Publication number: US20110303294A1
Application number: US12/813,842
Authority: US
Inventors: Mohan L. Soni; Gaurav Agrawal
Original assignee: Baker Hughes Inc
Current assignee: Baker Hughes Holdings LLC
Priority date: 2010-06-11
Filing date: 2010-06-11
Publication date: 2011-12-15
Also published as: WO2011156368A2; WO2011156368A3

Abstract

An apparatus for restricting fluid flow includes: a ball receiving element disposed in a fluid conduit and configured to receive a ball that has been advanced through the fluid conduit and at least partially restrict fluid flow; and at least one feature disposed on at least one of the fluid conduit and the ball seat configured to reflect pressure waves generated by an impact between the ball and the ball seat.

Description

BACKGROUND

In the drilling and completion industry and for example in hydrocarbon exploration and recovery operations, a variety of components and tools are lowered into a borehole for various operations such as production operations, for example. Some downhole tools utilize ball-seat assemblies to act as a valve or actuator. Ball-seat assemblies are used with, for example, hydraulic disconnects, circulating subs and inflatable packers.
Actuation of a ball-seat assembly generally includes releasing a ball or other plug into a fluid conduit and allowing the ball to drop onto the ball seat and restrict fluid flow therein. The impact between the ball and the ball seat can produce pressure waves, which can cause wear and/or damage to components of the assembly.

SUMMARY

An apparatus for restricting fluid flow includes: a ball receiving element disposed in a fluid conduit and configured to receive a ball that has been advanced through the fluid conduit and at least partially restrict fluid flow; and at least one feature disposed on at least one of the fluid conduit and the ball seat configured to reflect pressure waves generated by an impact between the ball and the ball seat.
A method of restricting fluid flow includes: releasing a ball into a fluid conduit and receiving the ball in a ball receiving element disposed at the fluid conduit and at least partially restricting fluid flow; and partially reflecting one or more pressure waves resulting from an impact between the ball and the ball seat by at least one feature disposed on at least one of the longitudinal conduit and the ball seat.
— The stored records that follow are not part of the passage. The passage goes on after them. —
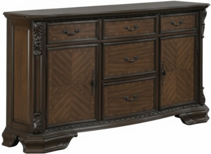 The Kiera Buffet from Crown Mark offers timeless elegance and practical storage. Finished in rich coffee brown, it features ornate detailing, ample cabinet space, and smooth drawers. Its sturdy construction ensures durability, making it a stylish and functional dining addition.Read More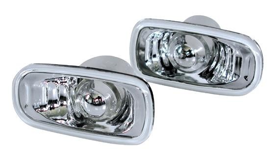 | クリアレンズのサイドマーカー(フェンダーマーカー)ランプでAssyで交換します。ノーレンズカットタイプ(ユーロタイプ)はアウターレンズはレンズカットがなく、電球を被うようにインナーレンズがあります。インナーレンズはハーフメッキコーティングしていますので通常はクロームに見え、ウインカーが点滅した時はオレンジの光が見えます。 |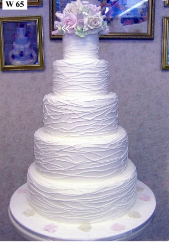 The rounded shoulders of each tier suggest fondant, though it could be done in buttercream, but the raised lines can be either. A piped line would be easier, and the breaks in the line suggest piping. Fondant lines would require at least three hands, two to use the extruder and apply the lines to the cake and one to turn the cake on a turntable.
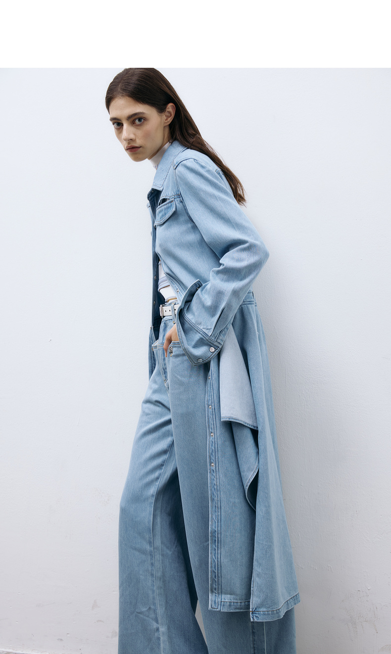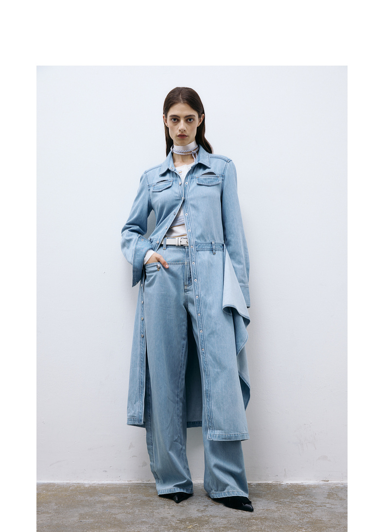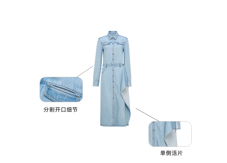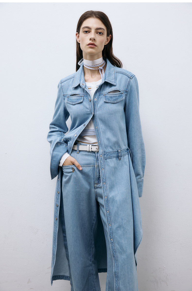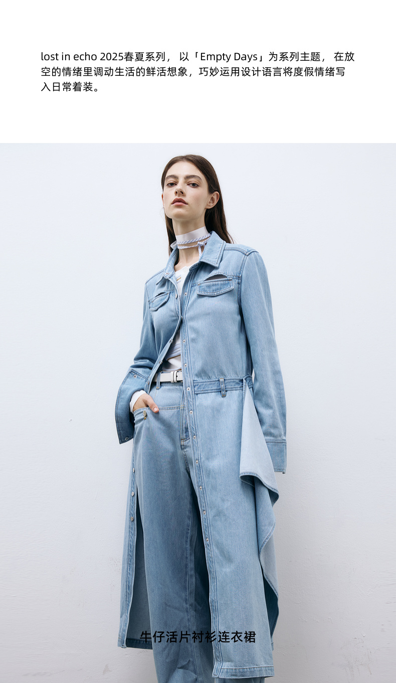 [福利价]lost in echo2025春夏新款时尚浅色牛仔长款衬衫外套修身连衣裙女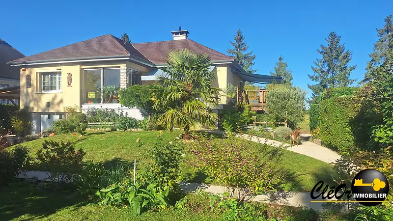 La véranda et le séjour sont baignés de lumière et offrent une vue imprenable sur le jardin et la terrasse. La cuisine, aménagée et équipée, est un véritable atout pour les amateurs de gastronomie. Un sous-sol et un double garage annexe complètent ce bien.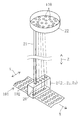 図2の通り、シュート部2(21,22,23)は、直角方向Yに等間隔を置いて配列された筒状の案内路20を備える。各案内路20は、上下方向Zに延設されており、ポケット102に対応して配置される。案内路20を通じる内容物110は、搬送されるシート101のポケット102内に落下して充填される。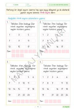 1. ÜNİTE Adı : 2, 3, 4 VE 5’ER RİTMİK SAYMA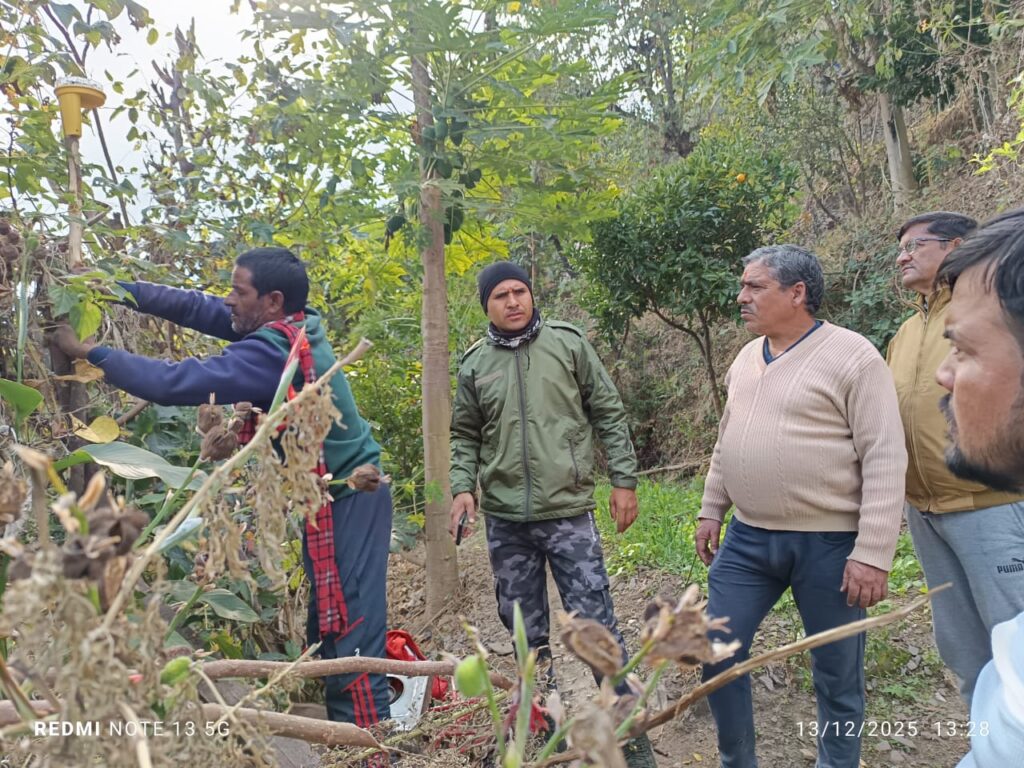 फाॅक्स लाइटें व ट्रैप कैमरा लगाते समय पूर्व उप प्रधान मस्त राम उनियाल,व विजयराम उनियाल, मूर्ति राम नौटियाल, धीरजमणी उनियाल, देवेंद्र उनियाल मौजूद रहे।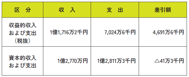 「収益的収入および支出」では、1390万2千円の利益を計上し、全額を減債積立金に積み立てました。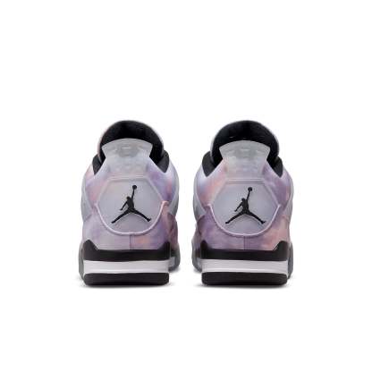 The Nike Air Jordan 4 Retro "Zen Master" pays tribute to the legendary basketball coach, Phil Jackson. This sneaker features a textile upper in a tie-dye mix of pink, purple, and blue. The black woven tongue has Flight branding and a scarlet Jumpman icon. The polyurethane midsole has a visible Air-sole unit in the heel. This sneaker is perfect for fans of Coach Jackson or anyone who loves a pop of color in their wardrobe.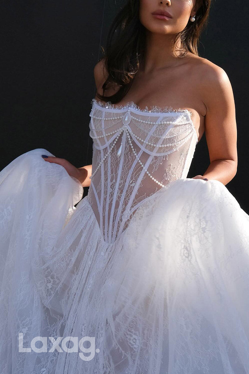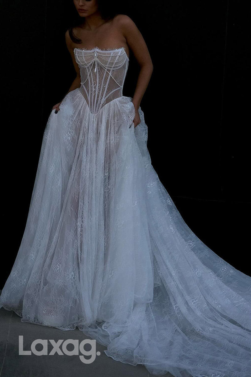 A-Line Sweetheart Sleeveless Sequined Beaded Pleated Tulle&Lace Wedding Dress with Train

BRIEF DESCRIPTION OF THE DRAWINGS

The following descriptions should not be considered limiting in any way. With reference to the accompanying drawings, like elements are numbered alike:

FIG. 1 is a cross-sectional view of an embodiment of a ball-seat assembly;

FIG. 2 is a partial cross-sectional view of the ball-seat assembly of FIG. 1 including reflecting features; and

FIG. 3 is a flow diagram depicting a method of restricting fluid flow in a conduit.

DETAILED DESCRIPTION

The apparatuses, systems and methods described herein provide for the mitigation of pressure waves caused by actuation of a ball-seat assembly. A downhole assembly includes a conduit having a longitudinal component to guide a ball released into the conduit to a receiving element such as a ball seat. The conduit and/or the ball seat includes one or more features configured to reflect pressure waves caused by, for example, the impact between the ball and the seat. The reflected pressure waves destructively interfere with incident pressure waves to reduce the amplitude of the incident pressure waves and reduce damage and/or wear on downhole components such as the ball and the ball seat.
Referring to FIG. 1, a downhole tool 10, such as a ball seat sub, configured to be disposed in a borehole 11, includes a housing 12 having a longitudinal bore or fluid conduit 14. A ball-seat assembly includes a ball seat 16 included in the conduit 14 to retain a ball 18 that is released into the conduit 14. In one embodiment, the ball 18 is a spherical metal or plastic plug, although “ball” may refer to any type of moveable or droppable plugging element, such as a drop plug, and may take any desired shape or size. Actuation of the ball seat assembly includes releasing the ball into the fluid conduit 14, for example by dropping the ball 18 into and/or pumping the ball 18 through the fluid conduit 14 from a surface or downhole location. The ball 18 falls and/or is advanced by downhole fluid toward the ball seat 16 and is seated on the ball seat 16 to restrict fluid flow through the conduit 14.
The ball seat 16 may be an annular component connected to the conduit 14, or any other device or configuration providing a restriction in the diameter or cross-sectional area of the conduit 14 sufficient to prevent the ball 18 from passing therethrough. In one embodiment, the ball seat 16 is directly disposed on and/or attached to the inner surface of the conduit 14 or is formed from a reduced diameter portion of the conduit 14. In one embodiment, the ball seat is disposed on or is part of a movable component such as a sliding sleeve for use, for example, as an actuator or valve.
Referring to FIG. 2, the conduit 14 and/or the ball seat 16 includes one or more reflecting features 20 disposed thereon. Each reflecting feature 20 includes one or more reflecting surfaces that are configured to reflect incident pressure waves 22 generated by ball-seat impact. The reflected pressure waves 24 partially interfere with or cancel out the original pressure waves 22 created at the time of impact. The loading severity and therefore the service life of the ball-seat assembly is a function of factors such as the amplitude of the loading due to pressure waves on ball-seat assembly components as well as the direction of such loading. The features 20 act to reduce the amplitude of the pressure waves 22 and the duration of impact by attenuating the initial loading via reflections of pressure waves 22 which are opposite in magnitude to the pressure waves 22. The features 20 may include a plurality of reflecting features distributed longitudinally along a length of the conduit 14. Each of the plurality of features partially reflects the pressure wave(s) 22 as it advances along the conduit, resulting in multiple reflected waves that are spread over time. The features 20 and corresponding reflective surfaces may be positioned at any desired location at or proximate to the ball seat 16, and/or along the length of the conduit 14. For example, by positioning the reflecting features 20 in close proximity to the ball seat 16, the time span between loading and unloading can be reduced as desired.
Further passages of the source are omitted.